I call this phenomenon the Social Media Cone of Silence ... and it could be deadly for you and your business.
The "cone" is that space where you are so surrounded by online input that it feels like you're on top of everything: You're following the best blogs in your industry. You follow the smartest people on Twitter. You are involved in the deepest discussions on relevant LinkedIn groups. In a nutshell you're so plugged in you're the go-to person for what's hot, what's new and what's over the horizon.
But this "cone" of information is a trap ... and you need to see it for what it is. It has taken your attention away from some more basic information sources and can lull any business into a false sense of security.
So who are you likely ignoring (or at least not paying enough attention to)?
Sales people:What's the word from sales?
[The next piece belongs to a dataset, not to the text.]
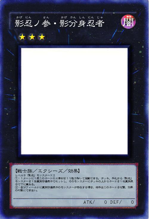 | レベル3「影忍」モンスター×2 ①:1ターンに1度このカードのX素材を1つ取り除いて発動できる。デッキ、手札から「影忍」モンスターを1体裏側守備表示でセットし、そのモンスターにデッキの上からカードを1枚裏側表示で下に重ねる。 ②:自分フィールドに裏側守備表示のモンスターが存在する場合、相手はこのカードを攻撃、効果の対象にできない。 | |||

What are they hearing and seeing that you aren't? They're in the trenches day-in and day-out and they literally hear from customers all the time. What are they hearing? Is what they hear changing?
But don't stop there. What do they know about competitors and how competitors are perceived in the marketplace? What opportunities are sales folks seeing? Given the chance to change one thing about your business or your product what would they suggest?
Sales people have your goals too, listen to them.
CRM specialists: Your customer relations specialists likely have obvious and not-so-obvious responsibilities. But the one thing they all have is a gut feeling about what is going on and what should be getting more attention.
Find these people throughout your organization ... and look hard. For example the front-desk security guard or the delivery driver may not seem like customer relations types but they are. The handle customers every single day and because of this they know a lot of stuff that you don't. Find them and listen to them.
Carol: This person may have another name in your organization, but in the first newsroom I worked in many years ago Carol was the secretary and receptionist. That is to say she was the smartest, most community connected person in the room. If Carol said something was a big deal the reporters and editors would always come to regret not following up on her ideas. Who are the Carols in your organization? Get to know them. Listen to them.
Can social media provide you with a lot of real-time business intelligence? Yes. But don't forget to mix it in with a heaping helping of smarts from the real people around you. Who will you go talk to today?